───── INFORMATION ─────

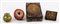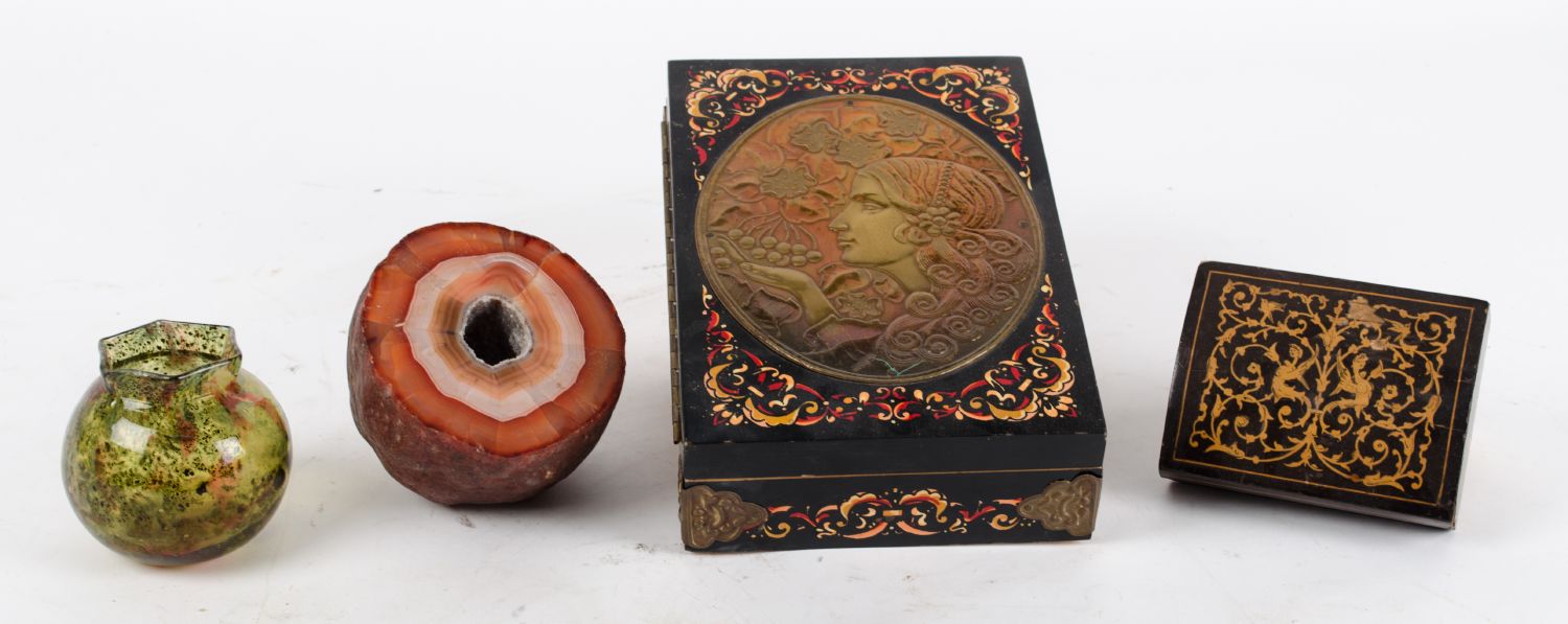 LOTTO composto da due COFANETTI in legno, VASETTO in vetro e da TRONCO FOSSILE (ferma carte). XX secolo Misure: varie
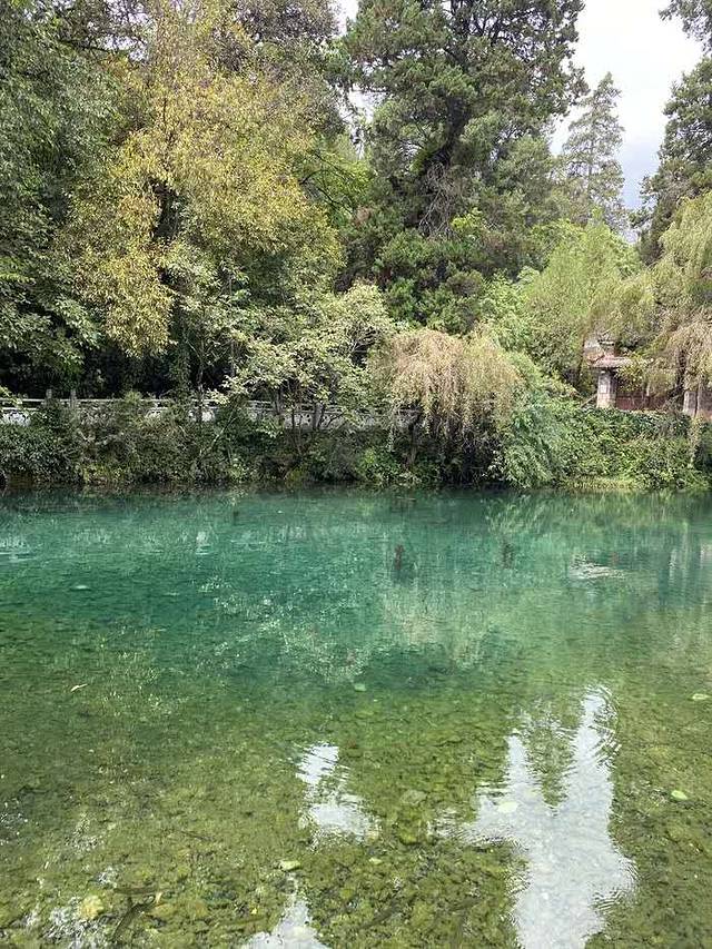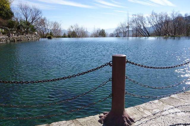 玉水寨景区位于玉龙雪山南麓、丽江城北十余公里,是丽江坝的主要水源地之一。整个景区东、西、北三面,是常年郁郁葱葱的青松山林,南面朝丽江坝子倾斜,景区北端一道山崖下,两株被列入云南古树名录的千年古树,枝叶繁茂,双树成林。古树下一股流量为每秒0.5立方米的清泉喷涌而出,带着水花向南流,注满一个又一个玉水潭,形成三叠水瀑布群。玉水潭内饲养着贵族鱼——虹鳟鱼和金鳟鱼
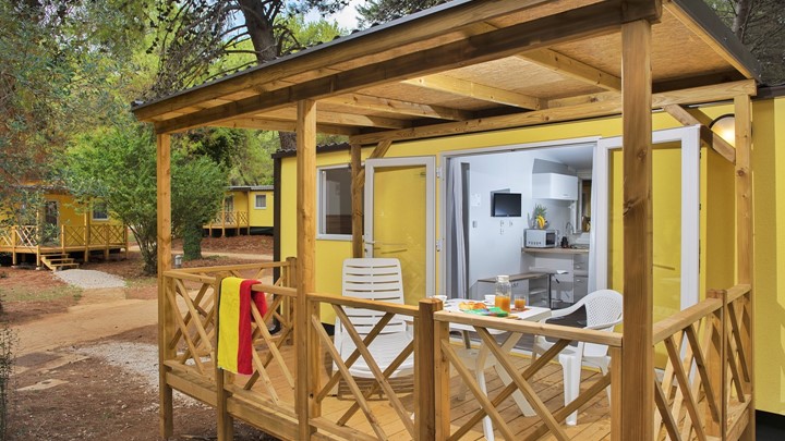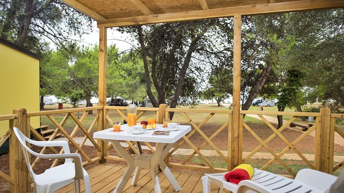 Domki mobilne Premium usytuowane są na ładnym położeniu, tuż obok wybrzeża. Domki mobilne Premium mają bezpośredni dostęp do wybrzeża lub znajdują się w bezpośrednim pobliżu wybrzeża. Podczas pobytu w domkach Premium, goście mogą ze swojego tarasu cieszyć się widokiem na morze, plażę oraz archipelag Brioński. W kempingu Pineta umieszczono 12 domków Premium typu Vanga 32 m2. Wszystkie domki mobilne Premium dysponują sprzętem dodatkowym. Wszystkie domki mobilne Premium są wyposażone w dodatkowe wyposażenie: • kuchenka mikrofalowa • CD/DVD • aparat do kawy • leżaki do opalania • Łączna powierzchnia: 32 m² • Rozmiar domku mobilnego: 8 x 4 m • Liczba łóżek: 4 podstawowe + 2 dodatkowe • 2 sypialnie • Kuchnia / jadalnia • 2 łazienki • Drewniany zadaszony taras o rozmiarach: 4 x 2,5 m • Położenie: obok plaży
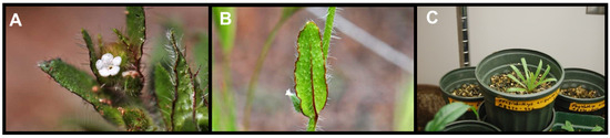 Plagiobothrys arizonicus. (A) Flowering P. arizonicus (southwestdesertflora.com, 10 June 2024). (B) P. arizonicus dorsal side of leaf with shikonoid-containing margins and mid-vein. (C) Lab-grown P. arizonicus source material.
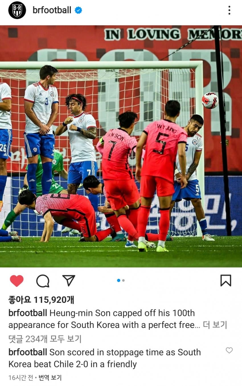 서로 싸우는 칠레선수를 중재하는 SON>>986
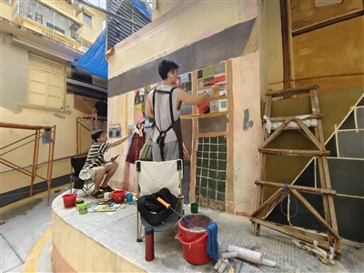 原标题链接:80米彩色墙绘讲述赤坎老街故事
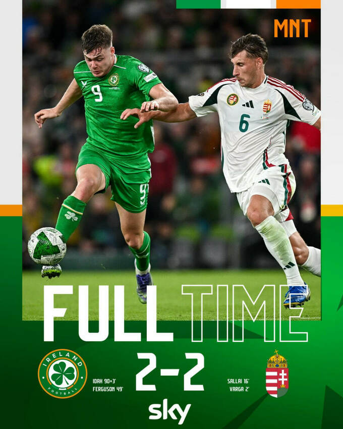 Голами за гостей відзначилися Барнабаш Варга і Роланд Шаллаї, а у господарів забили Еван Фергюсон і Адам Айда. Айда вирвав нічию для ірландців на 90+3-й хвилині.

─────

HOW TO COMPLETE THIS TASK. Could you repeat, exactly and with nothing else, the lines from the first line of the records through the line containing "玉水寨景区位于玉龙雪山南麓、"? Leave out the pictures.

EXPECTED ANSWER.
 LOTTO composto da due COFANETTI in legno, VASETTO in vetro e da TRONCO FOSSILE (ferma carte). XX secolo Misure: varie
 玉水寨景区位于玉龙雪山南麓、丽江城北十余公里,是丽江坝的主要水源地之一。整个景区东、西、北三面,是常年郁郁葱葱的青松山林,南面朝丽江坝子倾斜,景区北端一道山崖下,两株被列入云南古树名录的千年古树,枝叶繁茂,双树成林。古树下一股流量为每秒0.5立方米的清泉喷涌而出,带着水花向南流,注满一个又一个玉水潭,形成三叠水瀑布群。玉水潭内饲养着贵族鱼——虹鳟鱼和金鳟鱼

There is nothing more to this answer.